多くの候補サブユニットワクチン抗原は膜タンパク質です。歴史的に、これらは十分な量で製造および精製することが困難でした。この技術により、脂質膜内に埋め込まれた目的の抗原を作成し、ネイティブ様の確認を確実にすることができます。
このプロセスはまた、目的のアジュバントとの製剤化を容易にする。無細胞発現により、天然のタグレス構造で目的のタンパク質を迅速に生産することができます。この手法もスケーラブルであり、このプロセスを使用してワクチン製剤を開発するためにすでに営利企業と協力しています。
ここではクラミジア抗原のプロセスを示しますが、このプロセスは、膜タンパク質であるかどうかに関係なく、目的の抗原を生成するように簡単に適応できます。
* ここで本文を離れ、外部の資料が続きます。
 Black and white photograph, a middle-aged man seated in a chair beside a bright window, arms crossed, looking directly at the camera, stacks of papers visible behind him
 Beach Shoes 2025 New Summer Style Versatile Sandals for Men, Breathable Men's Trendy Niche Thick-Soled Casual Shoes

このプロセスは、病原体と癌の両方のワクチン開発に適用できる可能性があります。まず、無細胞法を用いてMOMP-tNLPを調製します。
反応をセットする2時間前に無細胞タンパク質発現キットから再構成バッファーを解凍し、EDTAフリープロテアーゼ阻害剤をバッファーに添加します。1ミリリットルの反応を5回実行するように設計されたキットを使用してください。1ミリリットルの反応ごとに、525マイクロリットルの再構成バッファーを大腸菌ライセートボトルに加え、転がして溶解します。
添加剤を入れた反応瓶に250マイクロリットルの再構成バッファーを加え、転動により溶解する。次に、反応供給ボトルに8.1ミリリットルの再構成バッファーを加え、転がして溶解します。アミノ酸混合物のボトルに、それを溶解するために3ミリリットルの再構成緩衝液を加える。
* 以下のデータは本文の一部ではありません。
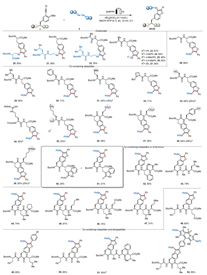 Citation: Xinwei Hu, Yong Zeng, Jiongdong Ma, Han Diao, Fei-Xiao Chen, Mu Chen, Shou-Kun Zhang, Chengzhi Jin, Shao-Fei Ni, Zhixiong Ruan. Electrochemical selenylation of tyrosine oligopeptides to benzo[b]furan-functionalized peptides[J]. Chinese Chemical Letters, ;2026, 37(3): 111928. doi: 10.1016/j.cclet.2025.111928 shu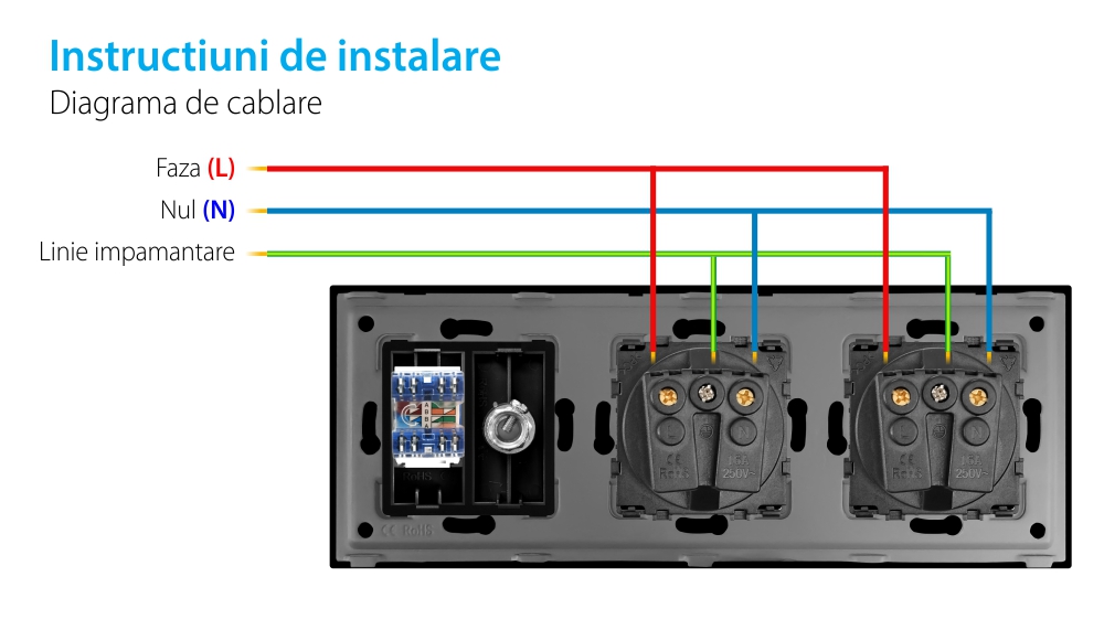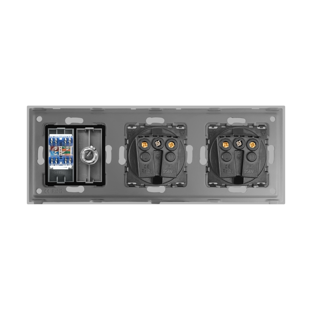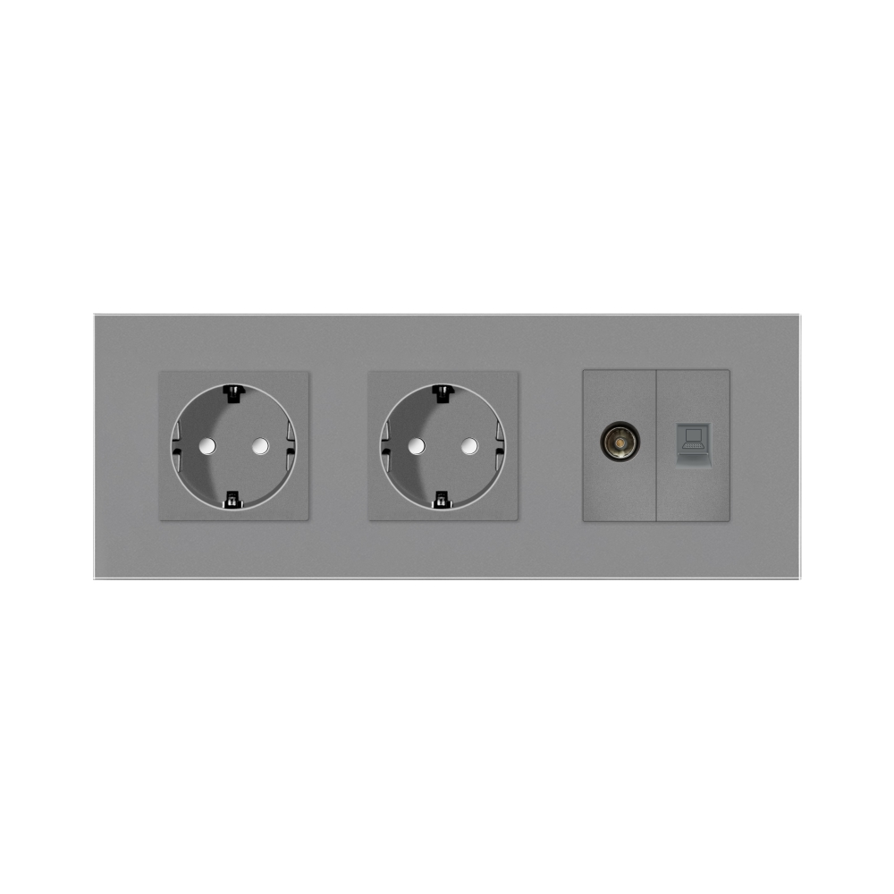 Priza Dubla Schuko + TV + Internet cu Rama Din Sticla LUXION SmartElectro IntelligentHouse

メチオニンの別のボトルに、1.8ミリリットルの再構成バッファーを加えて溶解し、氷上で保管します。225マイクロリットルの再構成混合物、270マイクロリットルのメチオニンを含まない再構成アミノ酸混合物、および30マイクロリットルの再構成メチオニンを大腸菌ライセートボトルに追加します。さらに、400マイクロリットルのDMPC/テロデンドリマー混合物15マイクログラムのMOMPプラスミド、および0.6マイクログラムのデルタ-49ApoA1を混合物に加えて混合します。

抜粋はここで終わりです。